Exercise aim: Your reply is to be the lines below, exactly as written, with images omitted.

Extracted records:

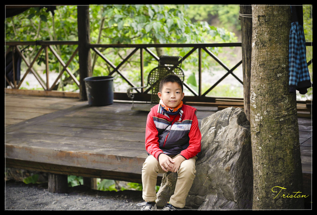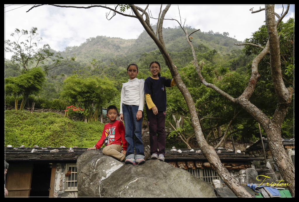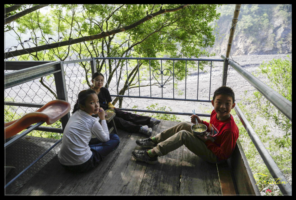 面著山谷的平台,小朋友在這裡大快朵頤,平常吃一碗的小朋友,在此佳景美地,都用了兩碗哦!對面的山谷聽美英姐說只是條二三米寬的小溪流,莫拉克風災,土石流使得小溪谷變成寬逾百米的石灘!
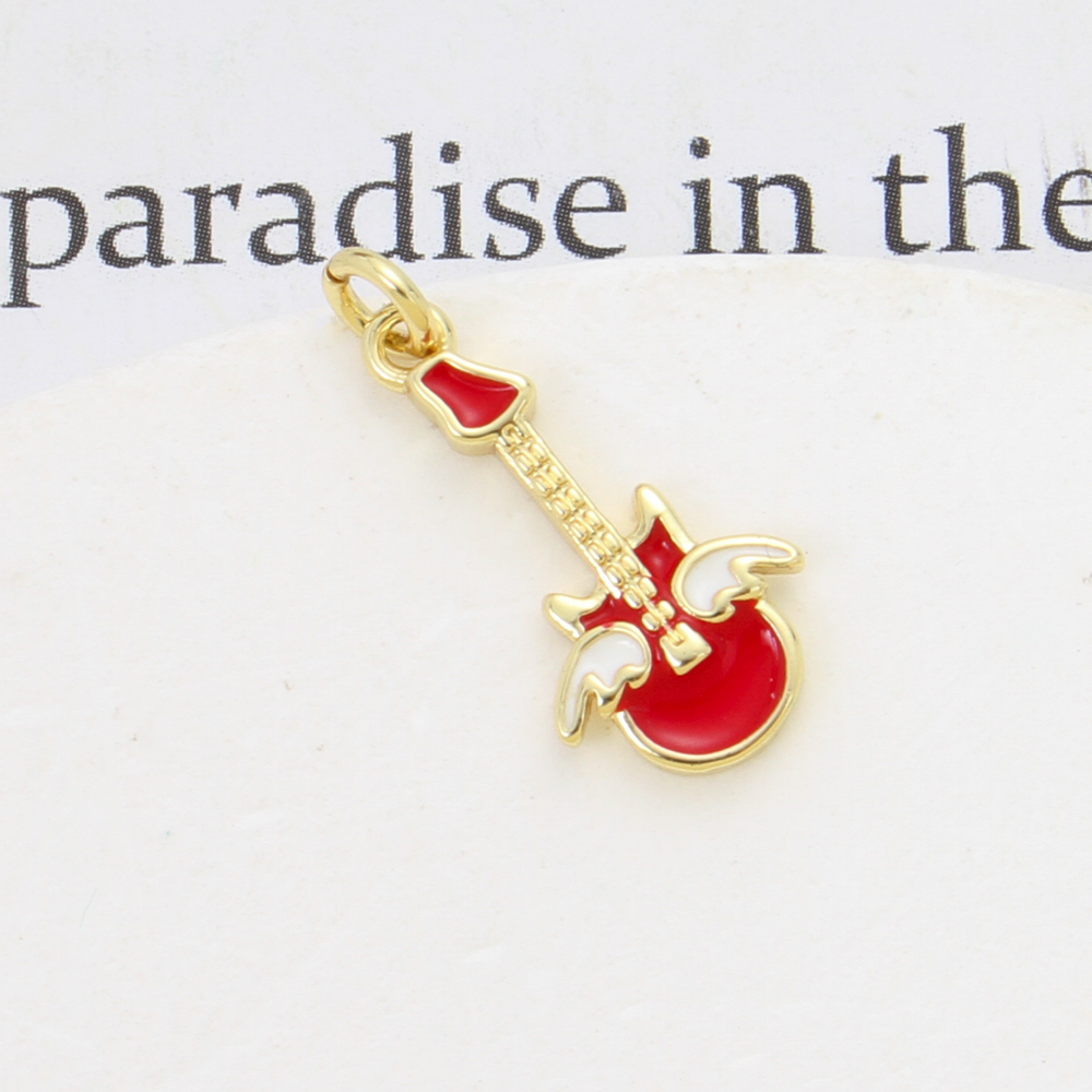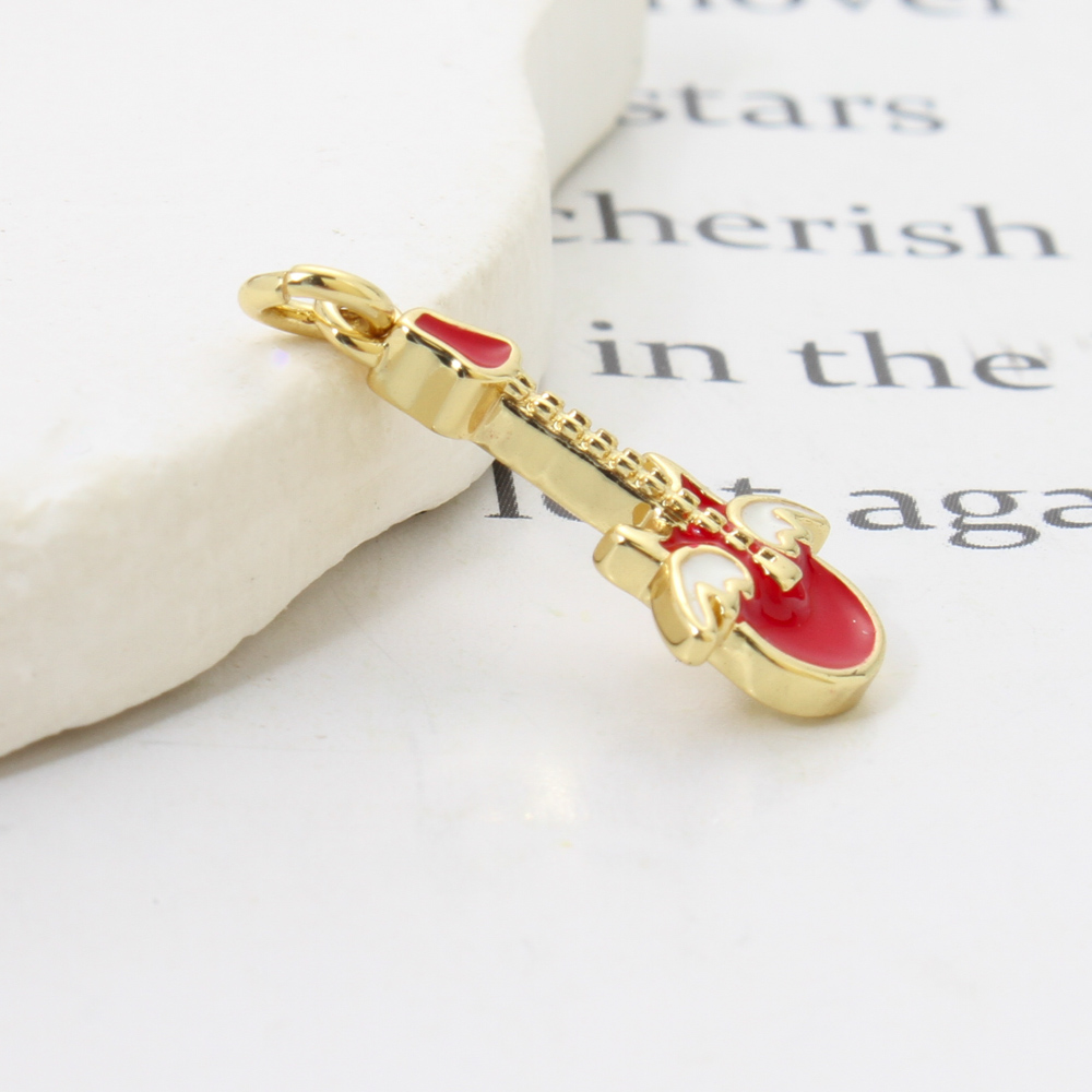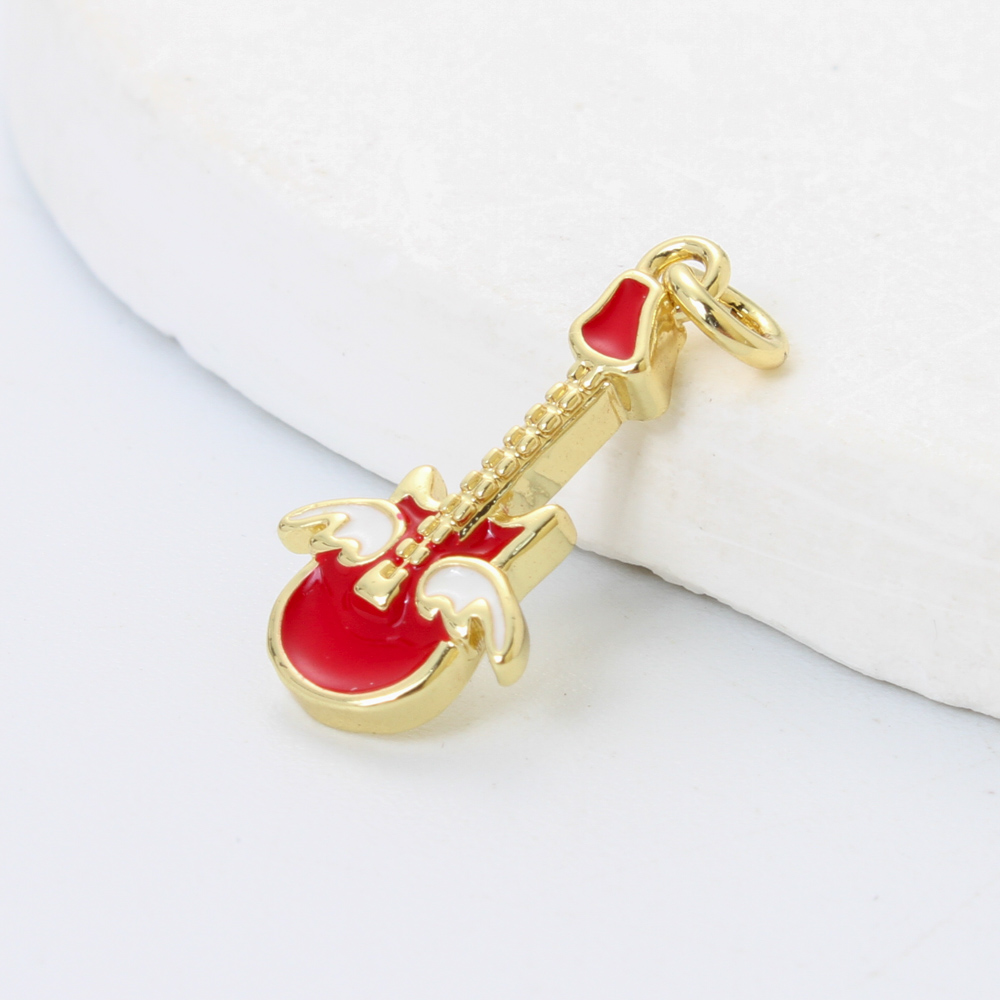 Bijoux pendentifs en laiton, guitare, Placage, DIY & émail, plus de couleurs à choisir, 17x8.90x2.10mm, Vendu par PC
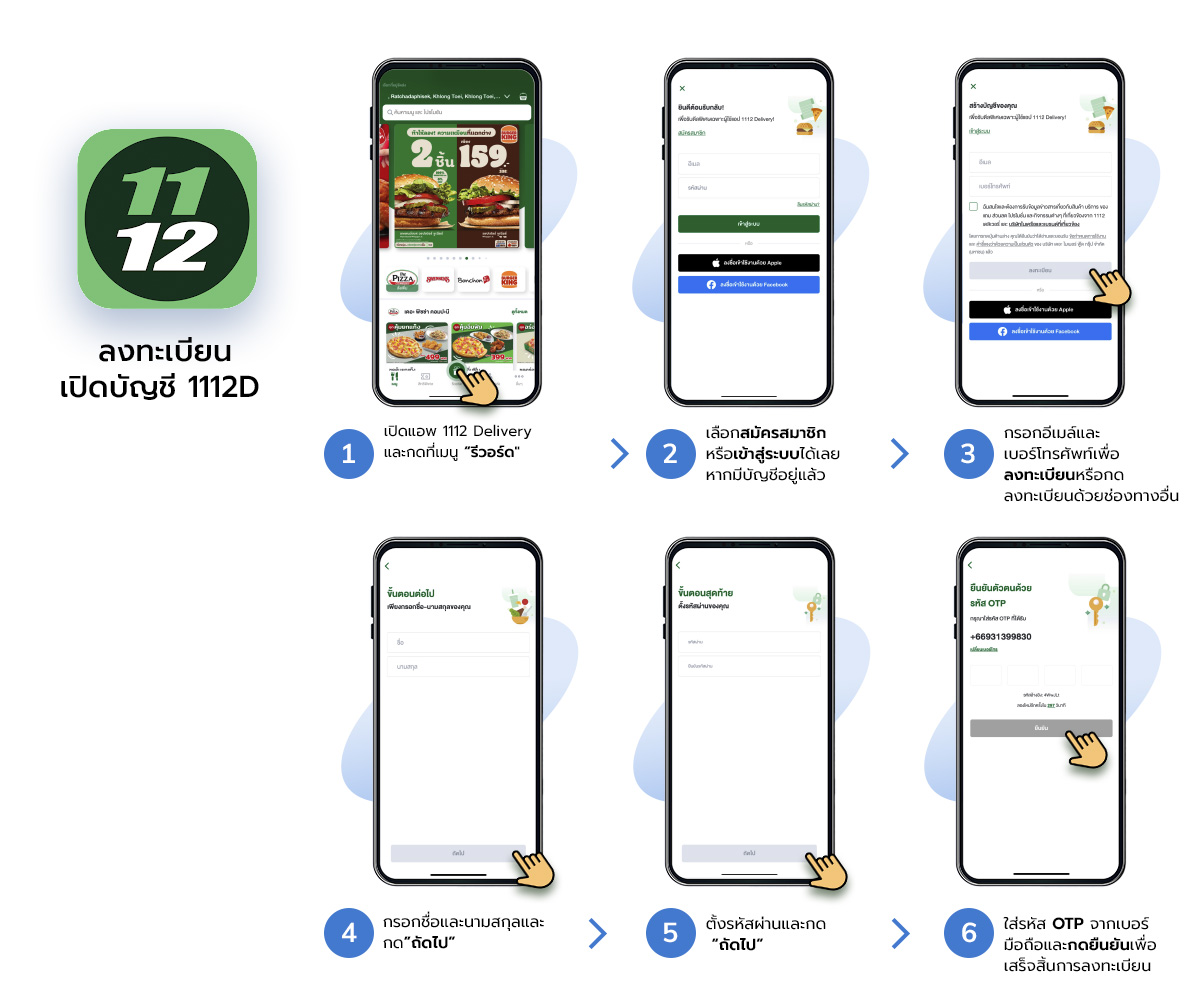 4. ลูกค้าสามารถติดตั้ง application 1112 Delivery ผ่านทาง Apple Store สำหรับระบบปฏิบัติการ iOS หรือ Play Store สำหรับระบบปฏิบัติการแอนดรอยด์ เพื่อสร้างบัญชีสมาชิก 1112 เดลิเวอรี่
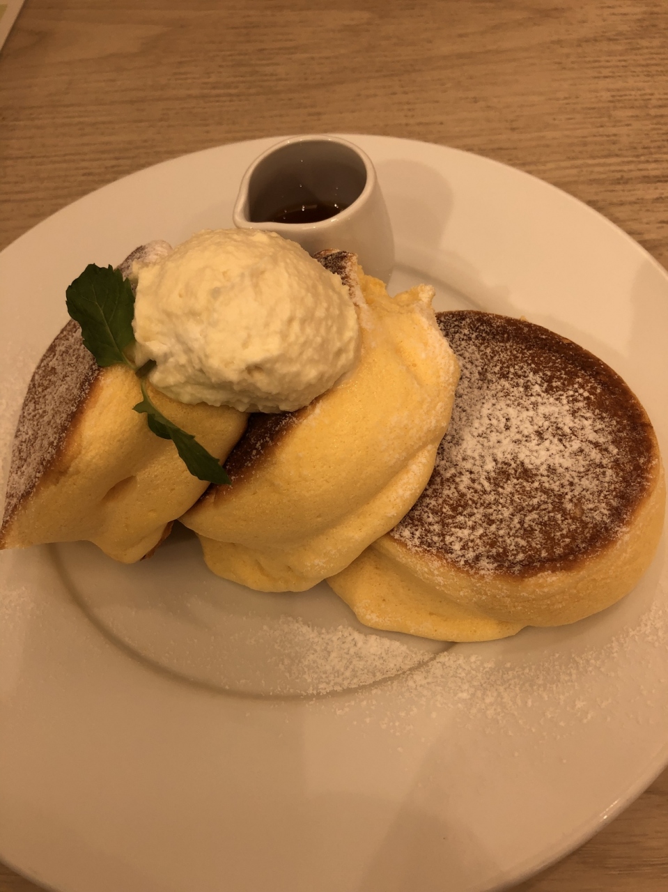 定番のパンケーキを注文しましたが、想像どおりフワッフワでペロリと食べてしまいました。
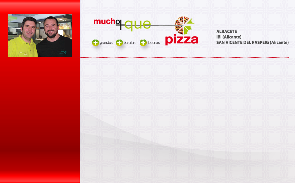 Vinculados desde el año 1994 al mundo de la pizza, y con amplia experiencia en el sector de la comida preparada, en 2010 crean su propia marca mucho+que pizza y empiezan a comercializar sus pizzas con la apertura de la tienda de Albacete, en la Plaza Mayor. También en ese año comienza a funcionar la tienda de Ibi(Alicante), ubicada en una plaza muy destacada de la localidad juguetera, la de los Reyes Magos. Recientemente, en Junio de 2012, una tercera tienda mucho+quepizza ha comenzado a funcionar de manera brillante en la localidad alicantina de San Vicente del Raspeig, muy cerca del Parque Lo Torrent y a escasos trescientos metros de las instalaciones de la Universidad de Alicante.
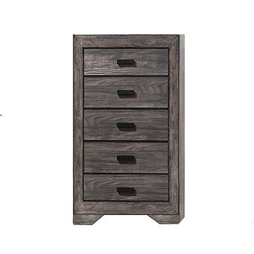 Dressed in a distressed gray oak finish, the handsome Drexel bedroom collection adds warmth and style to any room. Featuring clean lines and modern black finished hardware, this transitional set is sure to impress. Enjoy its stylish wood panel headboard, accented by wood grain and distressing for a warm look. Matching case pieces with spacious storage drawers complete the look of this modern farmhouse inspired collection.
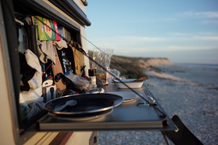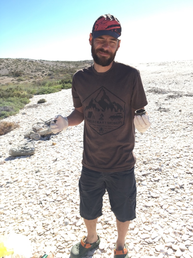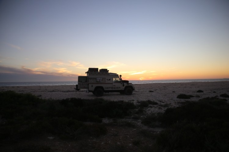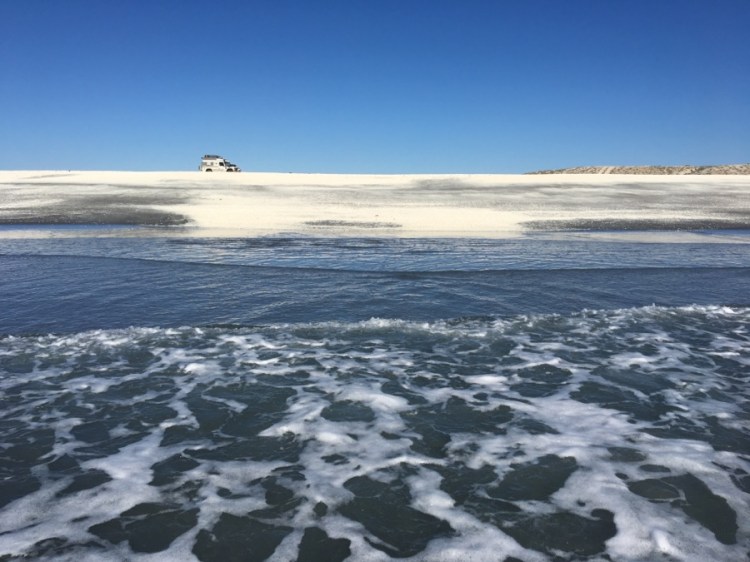 Wir suchen uns einen kleinen Abstecher zum Meer und finden einen Weg direkt runter zum Strand. Zuerst Sand, dann nur mehr Muscheln… wow, wir fahren auf Muscheln. Man sinkt ein bisschen ein, jedoch nicht so schlimm, mit ein bisschen Gas geht es recht gut.

Result of the task:
 面著山谷的平台,小朋友在這裡大快朵頤,平常吃一碗的小朋友,在此佳景美地,都用了兩碗哦!對面的山谷聽美英姐說只是條二三米寬的小溪流,莫拉克風災,土石流使得小溪谷變成寬逾百米的石灘!
 Bijoux pendentifs en laiton, guitare, Placage, DIY & émail, plus de couleurs à choisir, 17x8.90x2.10mm, Vendu par PC
 4. ลูกค้าสามารถติดตั้ง application 1112 Delivery ผ่านทาง Apple Store สำหรับระบบปฏิบัติการ iOS หรือ Play Store สำหรับระบบปฏิบัติการแอนดรอยด์ เพื่อสร้างบัญชีสมาชิก 1112 เดลิเวอรี่
 定番のパンケーキを注文しましたが、想像どおりフワッフワでペロリと食べてしまいました。
 Vinculados desde el año 1994 al mundo de la pizza, y con amplia experiencia en el sector de la comida preparada, en 2010 crean su propia marca mucho+que pizza y empiezan a comercializar sus pizzas con la apertura de la tienda de Albacete, en la Plaza Mayor. También en ese año comienza a funcionar la tienda de Ibi(Alicante), ubicada en una plaza muy destacada de la localidad juguetera, la de los Reyes Magos. Recientemente, en Junio de 2012, una tercera tienda mucho+quepizza ha comenzado a funcionar de manera brillante en la localidad alicantina de San Vicente del Raspeig, muy cerca del Parque Lo Torrent y a escasos trescientos metros de las instalaciones de la Universidad de Alicante.
 Dressed in a distressed gray oak finish, the handsome Drexel bedroom collection adds warmth and style to any room. Featuring clean lines and modern black finished hardware, this transitional set is sure to impress. Enjoy its stylish wood panel headboard, accented by wood grain and distressing for a warm look. Matching case pieces with spacious storage drawers complete the look of this modern farmhouse inspired collection.
 Wir suchen uns einen kleinen Abstecher zum Meer und finden einen Weg direkt runter zum Strand. Zuerst Sand, dann nur mehr Muscheln… wow, wir fahren auf Muscheln. Man sinkt ein bisschen ein, jedoch nicht so schlimm, mit ein bisschen Gas geht es recht gut.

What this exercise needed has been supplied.